2.4. Immunostaining and Histology.
Samples were harvested for histology and immunostaining on day 7 (n = 2/group) and day 31 (n = 5/group). To assess osteogenesis, we performed staining for alkaline phosphatase (ALP), Masson trichrome, and Alizarin Red S (ARS). ALP staining was performed using Fast Blue RR Salt and Naphthol AS-MX phosphate (FBS25, 855, Sigma-Aldrich). Masson’s Trichrome staining was performed using a staining kit (87019, Thermo Scientific). Mineralization was visualized using ARS staining (A5533 Sigma-Aldrich). To check if MSCs also undergo chondrogenesis, we performed staining for cartilage matrix sulfated glycosaminoglycans (sGAG) using Safranin-O staining (Sigma-Aldrich). For immunostaining, sections were first treated with blocking buffer (2% goat serum and 3% bovine serum albumin in 1X PBS) for 1 h, then incubated with primary antibodies for 18 h at 4 °C. The following primary antibodies were used: rabbit polyclonal antibodies (against type I collagen (ab34710, 1:100), type II (ab34712, 1:80), type X collagen (ab58632, 1:100), and osteopontin (ab8448, 1:100)) and mouse polyclonal antibody against osteocalcin (ab13418, 1:80). All primary antibodies were purchased from Abcam (Cambridge, MA). The sections were then incubated for 1 h at room temperature using species-specific secondary antibodies including Alexa Fluor 488 goat antirabbit (1:100, Invitrogen) and Alexa Fluor 488 goat antimouse (1:100, Invitrogen). For all immunostainings, nuclei were counterstained using Hoechst 33342 stain (Thermo Scientific). All images were taken using the Zeiss fluorescence microscope as mentioned above (Axio Observer 3.1).

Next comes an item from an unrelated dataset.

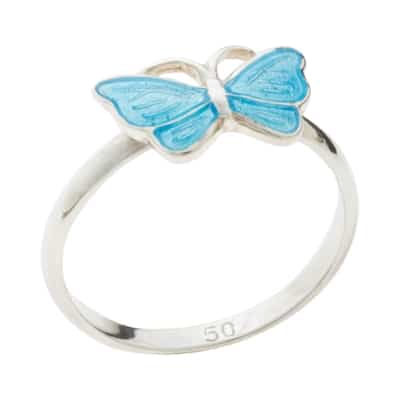 Sølvring med blå Sommerfugl
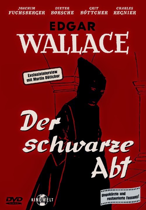 To loosely translate the German text at New Video: "The ghostly old ruins of Fossaway Abbey loom in the dark of the night. A sinister figure in a black robe, the hood pulled low over his head, disappears silently into the archway of the building. Silently the masked shadow follows a man — and the next day the dead body of hunting manager (Kurd Pieritz) is found in the old abbey. Detective Puddler (Charles Régnier) and his assistant Horatio W. Smith (Eddi Arent) take up lodgings in the nearby castle of the intransparent Lord Harry Chelford (Dieter Borsche of The Brain [1962 / trailer]), whose claims that the killer is an old ghost, the so-called 'Black Abbot', falls upon deaf ears. Detective Puddler believes that the fabled treasure of the Abbey is the true reason behind the murder..."

2.5. Gene Expression Analyses.
RNA was extracted from 3D cell-laden μRB samples (n = 5) at day 1 and day 14 using previously described methods.8 Quantitative real-time polymerase chain reaction (qRT-PCR) was performed on an Applied Biosystems 7900 Real-Time PCR system using SYBR Green master mix (Applied Biosystems, Carlsbad, CA). To characterize mechanosensing, we assayed the following genes: Ras homologue gene family, member A (RhoA), and rho-associated, coiled-coil-containing protein kinase 1 (ROCK1). To assess osteogenesis, bone markers representing early to late stage differentiation were examined, including runt-related transcription factor 2 (RUNX2), ALP, type I collagen (Col I), and osteonectin (ON). Normalized gene expression was quantified and reported using the ΔΔCt method.25 Specifically, the gene expression of each gene was first normalized to the housekeeping gene glyceraldehyde 3-phosphate dehydrogenase (GAPDH), then further normalized to the day one control to show the fold change of gene expressions as of day 14.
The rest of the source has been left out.